(Recorded data)
•••
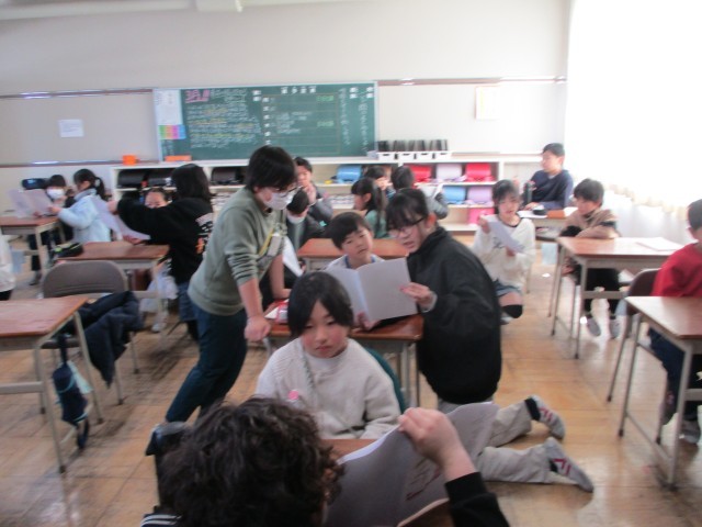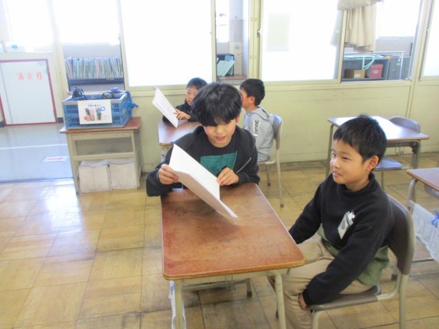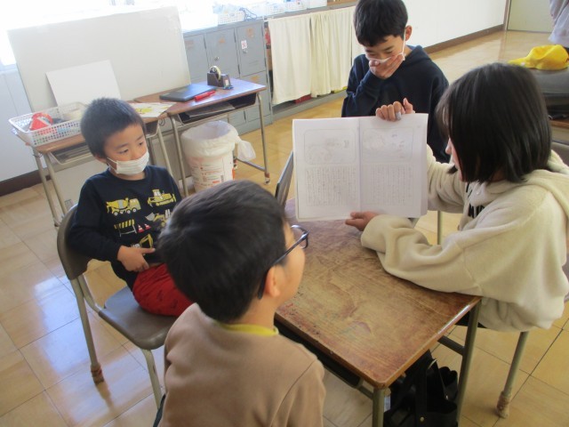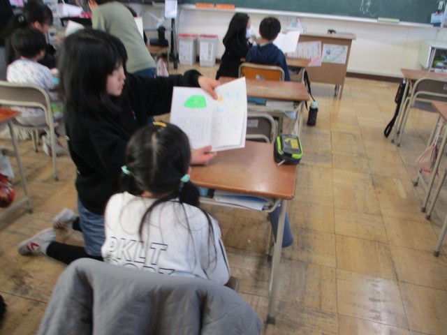 今日は、ペア読書がありました。国語の「もうひとつの物語」で、「スイミー」か「お手紙」の好きなお話を選んで内容を変えて書く学習をしました。2年生の子が喜んでくれるように、どの子も一生懸命、絵本を書きました。
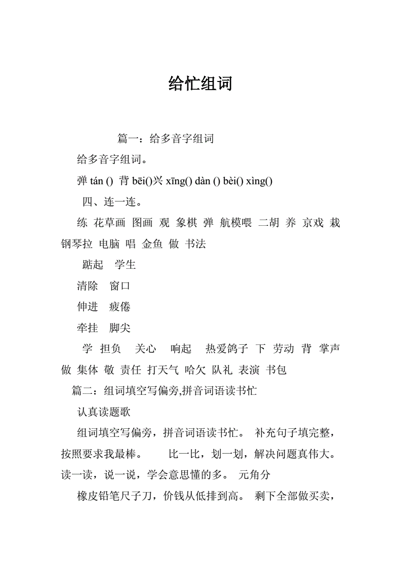 3、“忙”组词:匆忙。急忙。忙碌。忙乱。忙促。忙活。繁忙。忙于。忙迫。忙忙。忙工。帮忙。忙事。忙祥。忙然。忙郎 。赶忙。忙丢丢。忙劫劫。忙碌碌。忙不迭。忙忙碌碌。手忙脚乱。不慌不忙。急急忙忙。忙不择价。忙手忙脚。忙忙迭迭。忙上加忙。忙忙叨叨。 忙里偷闲。
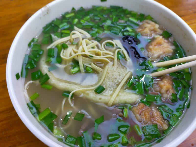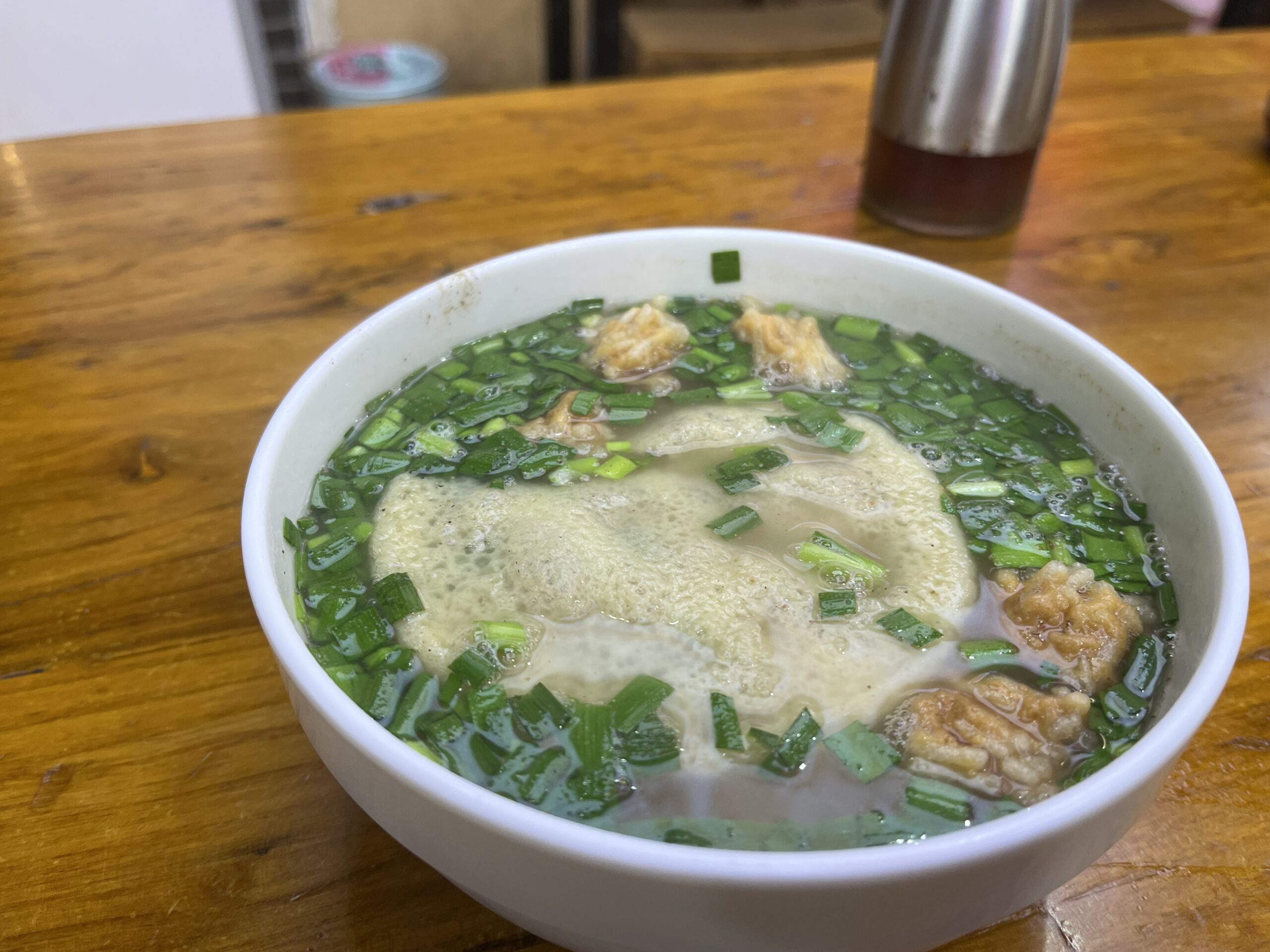 これが「不翻湯」である(15元)。上に乗っているのは緑豆の生地を薄く焼いたもの。スープ料理の一種である。
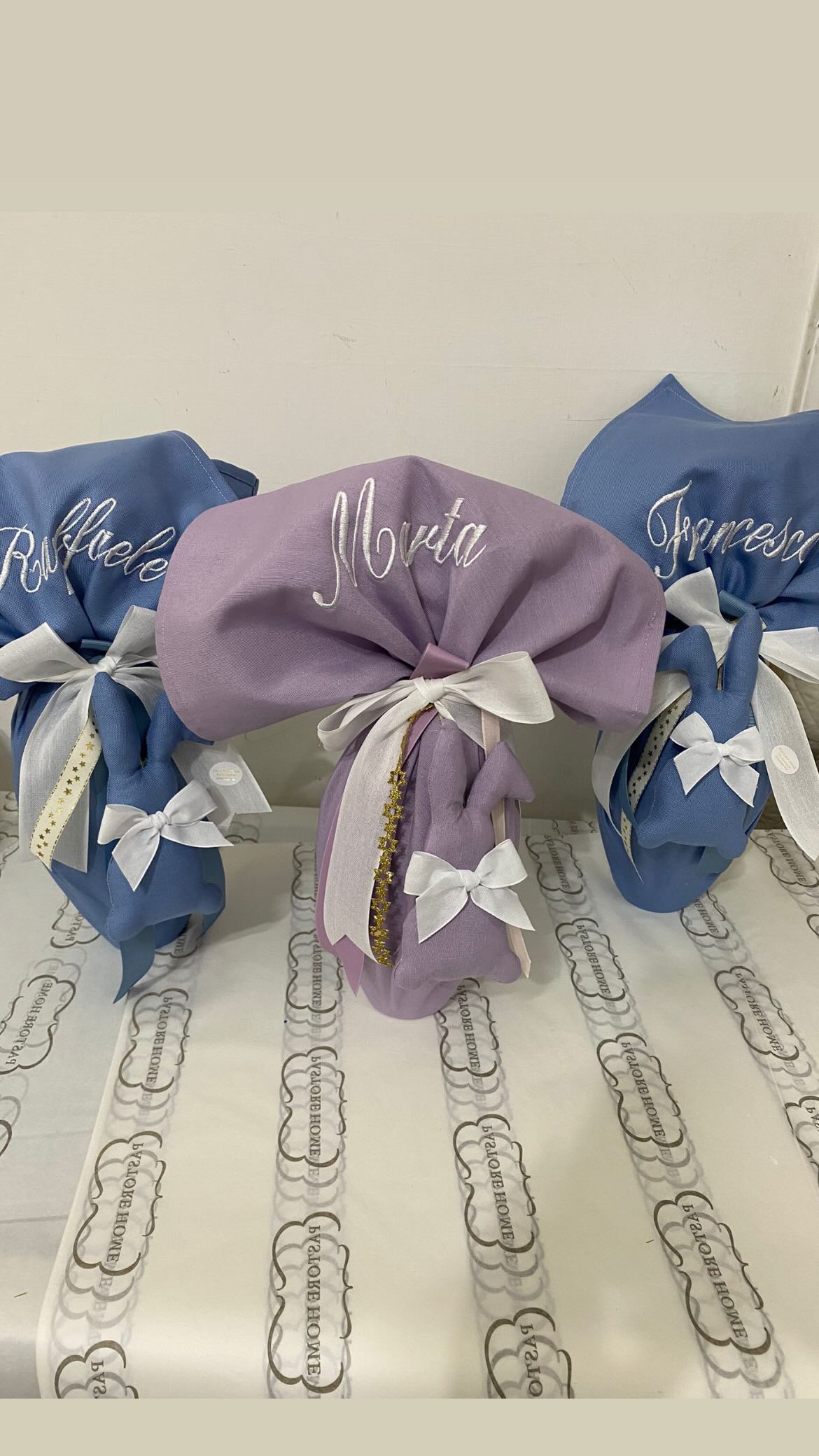 Kit base per avvolgere il tuo uovo di Pasqua comprende tovaglietta,quadrato da tavola personalizzato più nastri nei colori coordinati e coniglio. PUOI PERSONALIZZARE CON NOME,INIZIALI O BUONA PASQUA.
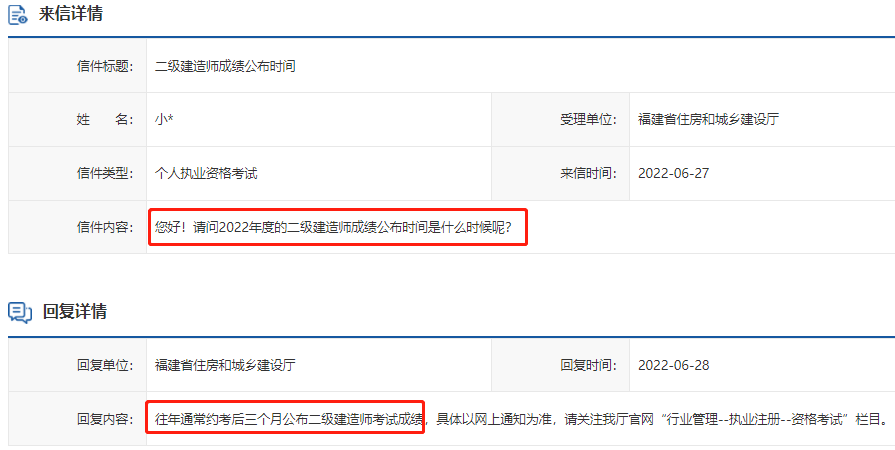 近日,又有2省針對2022二建考試成績公布時間作出了回復,具體如下:
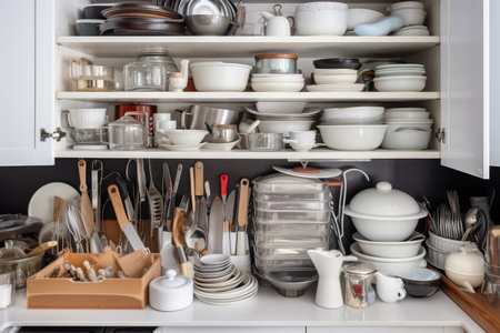 organizing and storage solutions in the kitchen, with shelving, drawers, and pots & pans, created with generative ai
•••
Work item.
Output all the entries above verbatim, please. No images.

Solution below.
 今日は、ペア読書がありました。国語の「もうひとつの物語」で、「スイミー」か「お手紙」の好きなお話を選んで内容を変えて書く学習をしました。2年生の子が喜んでくれるように、どの子も一生懸命、絵本を書きました。
 3、“忙”组词:匆忙。急忙。忙碌。忙乱。忙促。忙活。繁忙。忙于。忙迫。忙忙。忙工。帮忙。忙事。忙祥。忙然。忙郎 。赶忙。忙丢丢。忙劫劫。忙碌碌。忙不迭。忙忙碌碌。手忙脚乱。不慌不忙。急急忙忙。忙不择价。忙手忙脚。忙忙迭迭。忙上加忙。忙忙叨叨。 忙里偷闲。
 これが「不翻湯」である(15元)。上に乗っているのは緑豆の生地を薄く焼いたもの。スープ料理の一種である。
 Kit base per avvolgere il tuo uovo di Pasqua comprende tovaglietta,quadrato da tavola personalizzato più nastri nei colori coordinati e coniglio. PUOI PERSONALIZZARE CON NOME,INIZIALI O BUONA PASQUA.
 近日,又有2省針對2022二建考試成績公布時間作出了回復,具體如下:
 organizing and storage solutions in the kitchen, with shelving, drawers, and pots & pans, created with generative ai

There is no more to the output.